------ RECORDED DATA

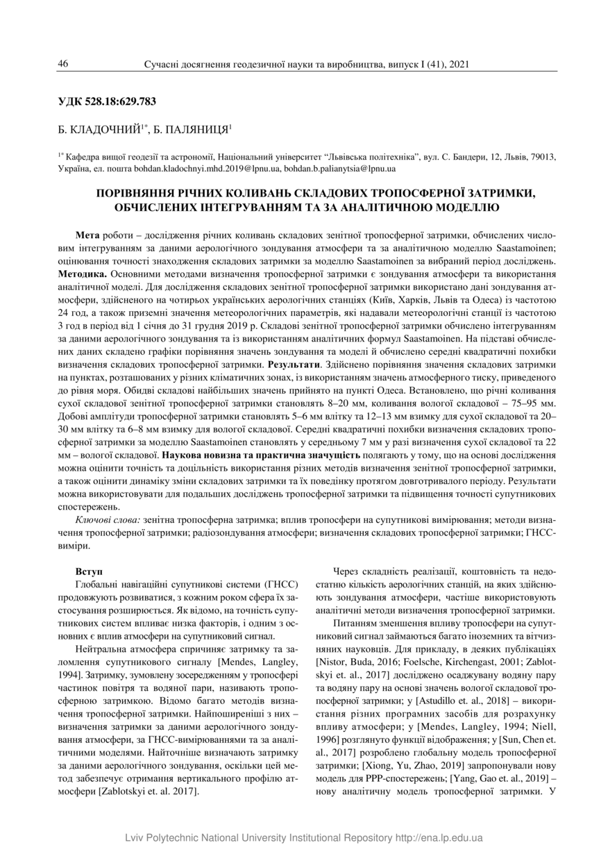 Кладочний Б. Порівняння річних коливань складових тропосферної затримки, обчислених інтегруванням та за аналітичною моделлю / Б. Кладочний, Б. Паляниця // Сучасні досягнення геодезичної науки та виробництва. — Львів : Видавництво Львівської політехніки, 2021. — Том 1(41). — С. 46–54.
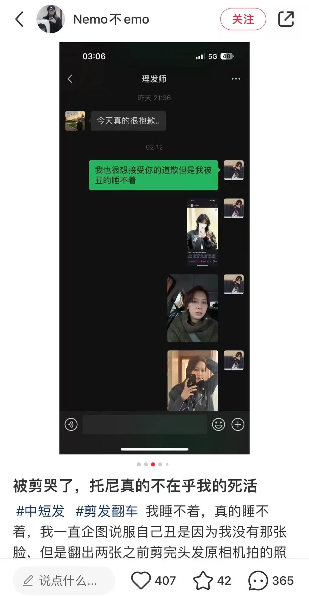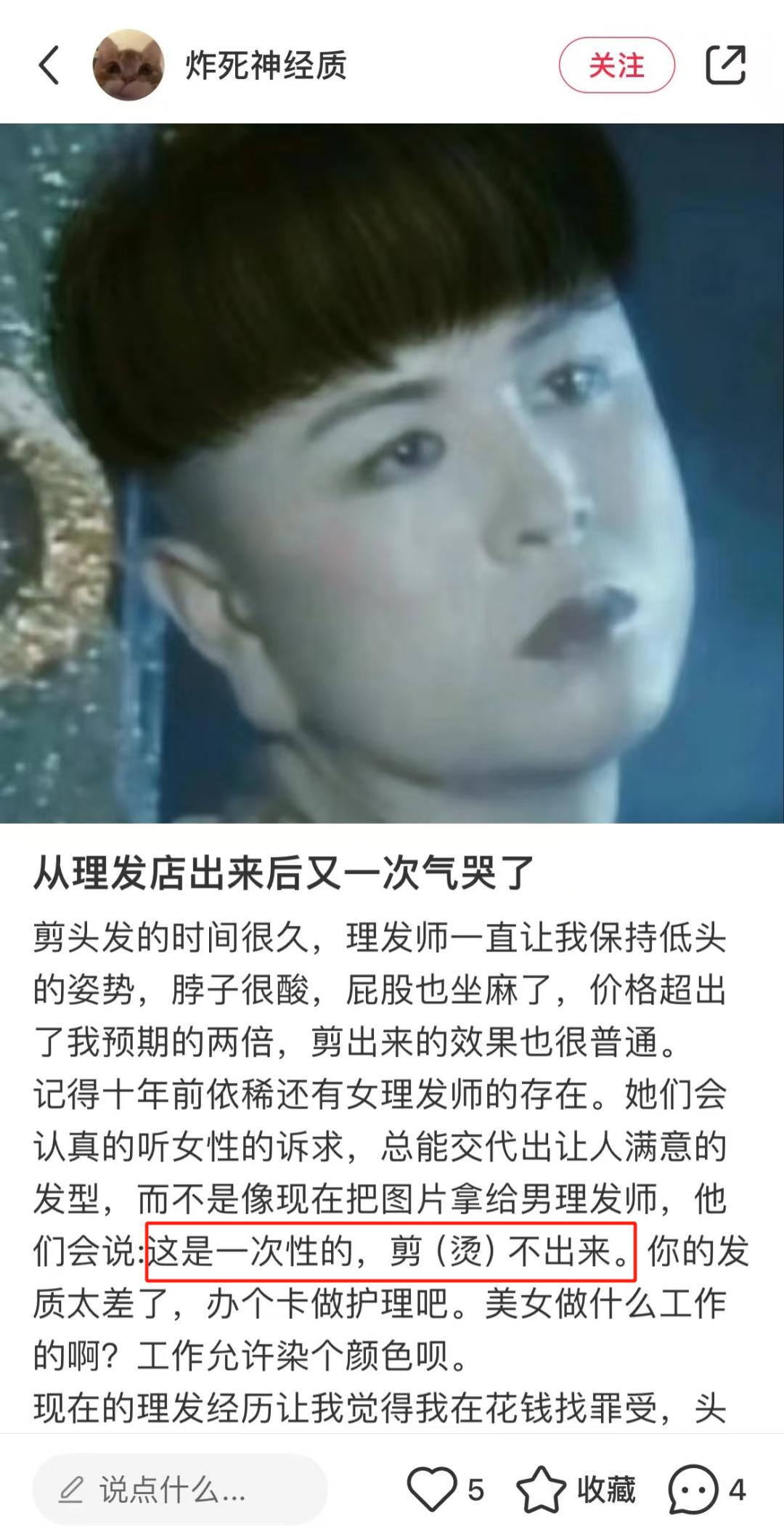 即使你愿意说,也有很多美发师不愿听,他们按着你的肩膀,主要推一句“我不想让你觉得,我想让我觉得”。
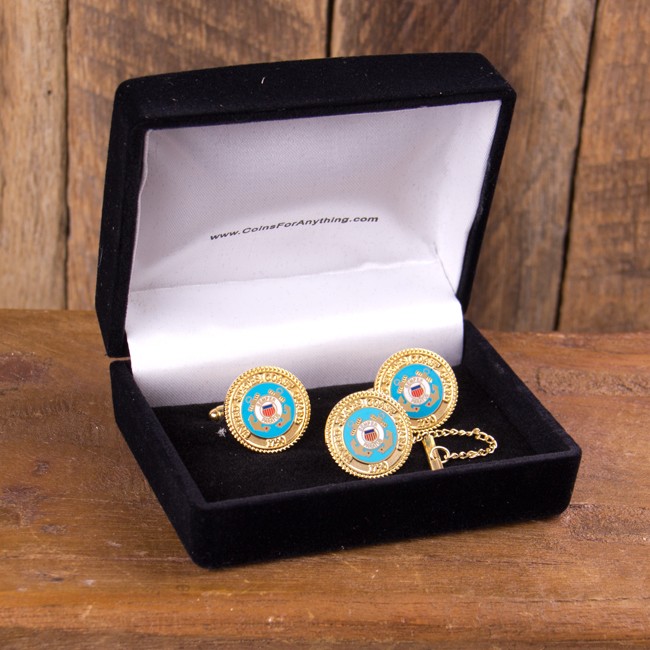 This set includes a set of 0.75″ shiny gold cufflinks and a tie-tack to match. Each piece features the Coast Guard emblem in full color. The set comes in a beautiful black velvet box that is perfect for storage or presentation. A great way to wear your pride for the United States Coast Guard!

------------

WHAT TO PRODUCE -
Once the pictures are set aside, repeat the data above exactly as written.

ANSWER SPACE -
 Кладочний Б. Порівняння річних коливань складових тропосферної затримки, обчислених інтегруванням та за аналітичною моделлю / Б. Кладочний, Б. Паляниця // Сучасні досягнення геодезичної науки та виробництва. — Львів : Видавництво Львівської політехніки, 2021. — Том 1(41). — С. 46–54.
 即使你愿意说,也有很多美发师不愿听,他们按着你的肩膀,主要推一句“我不想让你觉得,我想让我觉得”。
 This set includes a set of 0.75″ shiny gold cufflinks and a tie-tack to match. Each piece features the Coast Guard emblem in full color. The set comes in a beautiful black velvet box that is perfect for storage or presentation. A great way to wear your pride for the United States Coast Guard!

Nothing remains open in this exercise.